Rookie ASIO agent foiled Christmas Day terrorists

Rookie ASIO agent foiled Christmas Day terrorists, by Tessa Akerman.

A rookie female ASIO officer helped thwart what would have been Australia’s worst terrorist attack when she spotted young men visiting a chemist shop late at night to gather bomb-making chemicals.

New details of how close a terror cell came to pulling off horrific attacks on Christmas Day in Melbourne in 2016 can be revealed today for the first time after a court yesterday lifted a suppression order.

Australia’s spy chief, Duncan Lewis, has told how an 11th-hour tip from the new ASIO recruit helped authorities foil martyrdom missions using vehicles, knives and suicide vests at crowded Melbourne landmarks including Federation Square, Flinders Street Station and St Paul’s Cathedral at Christmas time 2016. …

Four Sunni Muslim men, all home-grown jihadis, were ­arrested at gunpoint on December 22, 2016, and charged with conspiring to carry out acts in preparation for a terrorist attack, as authorities rushed to prevent a likely attack on Christmas Day.
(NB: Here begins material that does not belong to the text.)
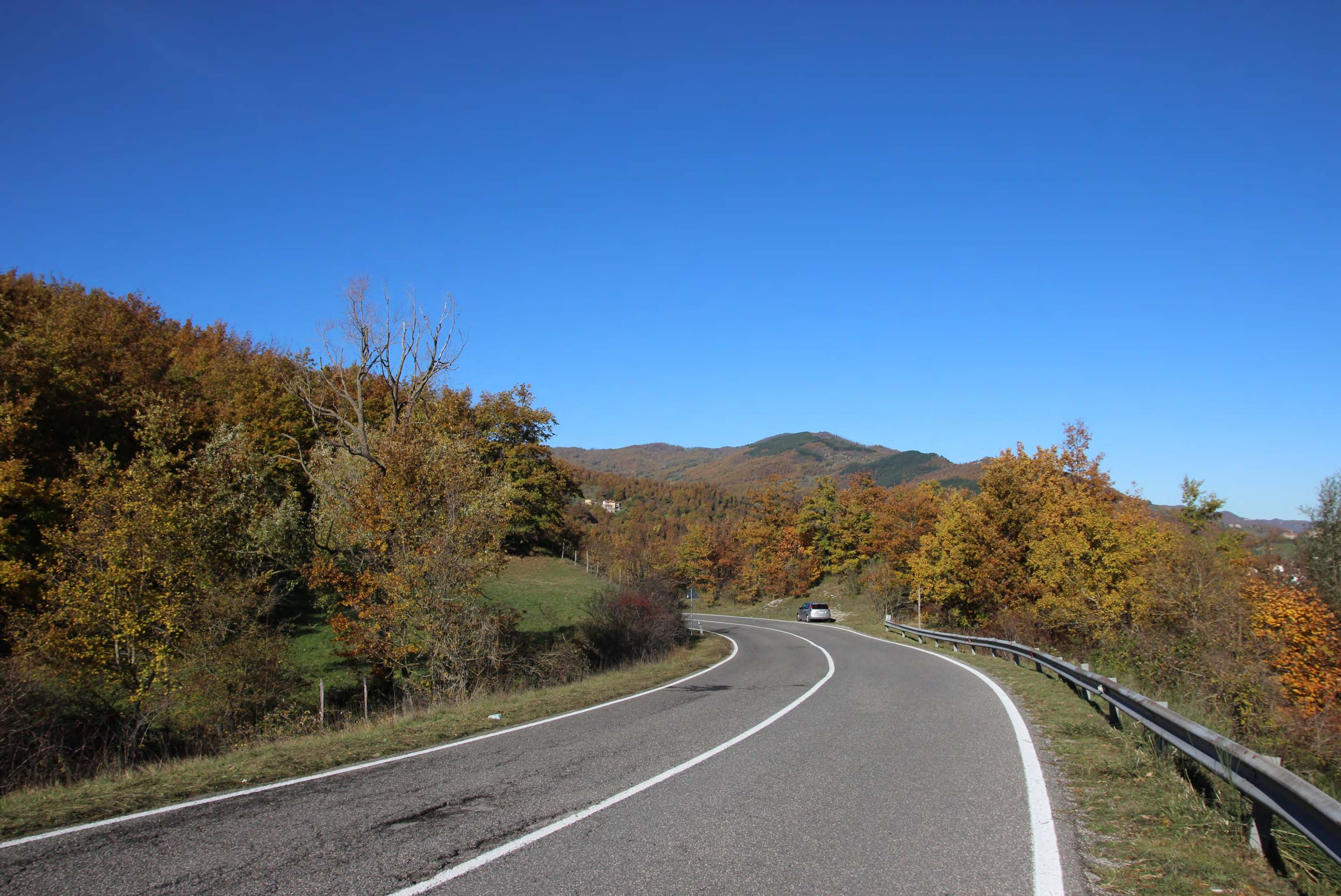
5_ SP Marecchia località Badia Tedalda | ante intervento

The men had links to the notorious Hume Islamic Youth Centre and met there on December 20, before heading into the city on a reconnaissance mission that was captured on CCTV. …

Interesting conversation:

The day after visiting Federation Square police secretly recorded a conversation between Mohamed and Ibrahim Abbas where Mohamed repeatedly said he was “shitting bricks”.
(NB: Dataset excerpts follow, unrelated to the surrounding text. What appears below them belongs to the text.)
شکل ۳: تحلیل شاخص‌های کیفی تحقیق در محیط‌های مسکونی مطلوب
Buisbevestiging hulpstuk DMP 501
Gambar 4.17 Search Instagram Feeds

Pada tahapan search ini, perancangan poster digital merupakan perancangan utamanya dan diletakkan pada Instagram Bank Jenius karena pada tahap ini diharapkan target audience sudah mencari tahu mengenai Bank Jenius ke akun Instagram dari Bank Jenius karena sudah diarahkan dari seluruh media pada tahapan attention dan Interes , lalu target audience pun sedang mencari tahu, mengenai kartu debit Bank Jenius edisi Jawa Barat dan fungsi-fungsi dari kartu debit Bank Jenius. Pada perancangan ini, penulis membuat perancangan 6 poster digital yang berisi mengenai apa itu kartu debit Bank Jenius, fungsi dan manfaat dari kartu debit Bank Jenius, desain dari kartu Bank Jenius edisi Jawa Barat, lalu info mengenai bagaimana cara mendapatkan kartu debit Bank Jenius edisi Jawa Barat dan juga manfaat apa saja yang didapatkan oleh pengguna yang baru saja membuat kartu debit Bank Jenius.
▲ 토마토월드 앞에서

Mohamed however went on to say he was “not backing down … I’m just worrying bro”.

The two also discussed strapping Mohamed’s wife with an explosive device.
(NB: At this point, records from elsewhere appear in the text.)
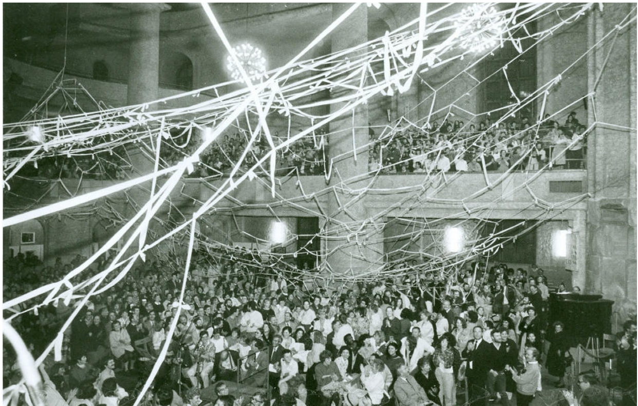
April 1989; Abschlussgottesdienst in der Kreuzkirche, Dresden

Sie sind hier nicht mit abgedruckt, die Röm.-Kath. Kirchengemeinde in Ihrer Nachbarschaft hat aber sicher ein Exemplar zur Ansicht.
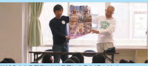
地域の方から祭りにかかる思いをうかがいました。
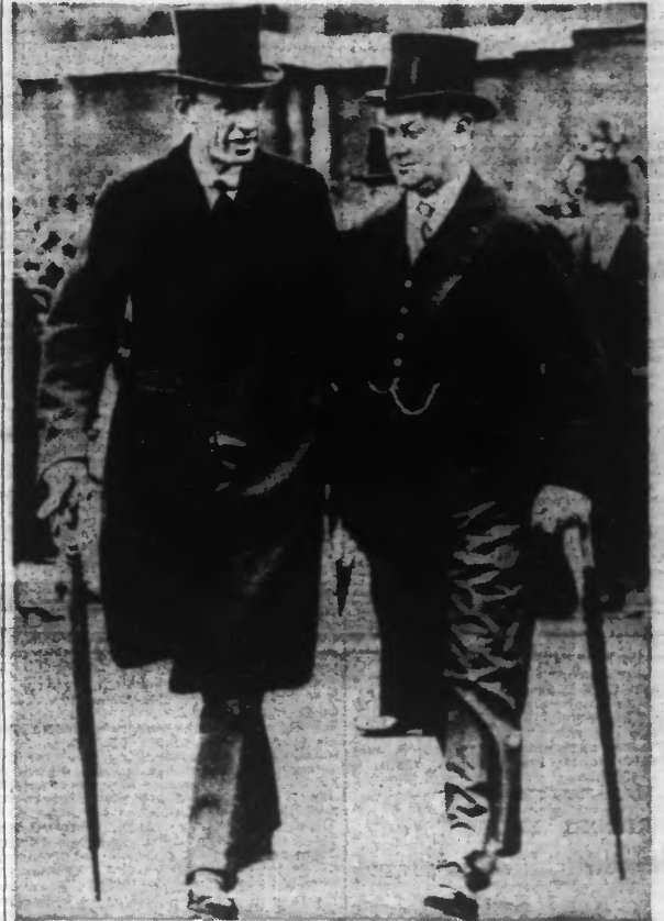
Lord HALIFAX (à gauche) s'entretenant avec Sir Thomas INSKIP.

SIR REGINALD DORMAN SMITH devient Ministre de l'Agriculture et LORD WINTERTON devient Upaymaster General

“Strap her and just drop her,” Mohamed said.

“Drop her off and go.”

Abbas rejected the idea.

“What if it doesn’t blow up on her, she gets caught?” he said.

“See it’s different if we get caught, but if she gets caught. If she gets caught her-what’s-it called, her honour is gunna get touched.”

Meanwhile our ruling class ignores 1,400 years of history by this supremacist group with their totalitarian ideology. Sigh.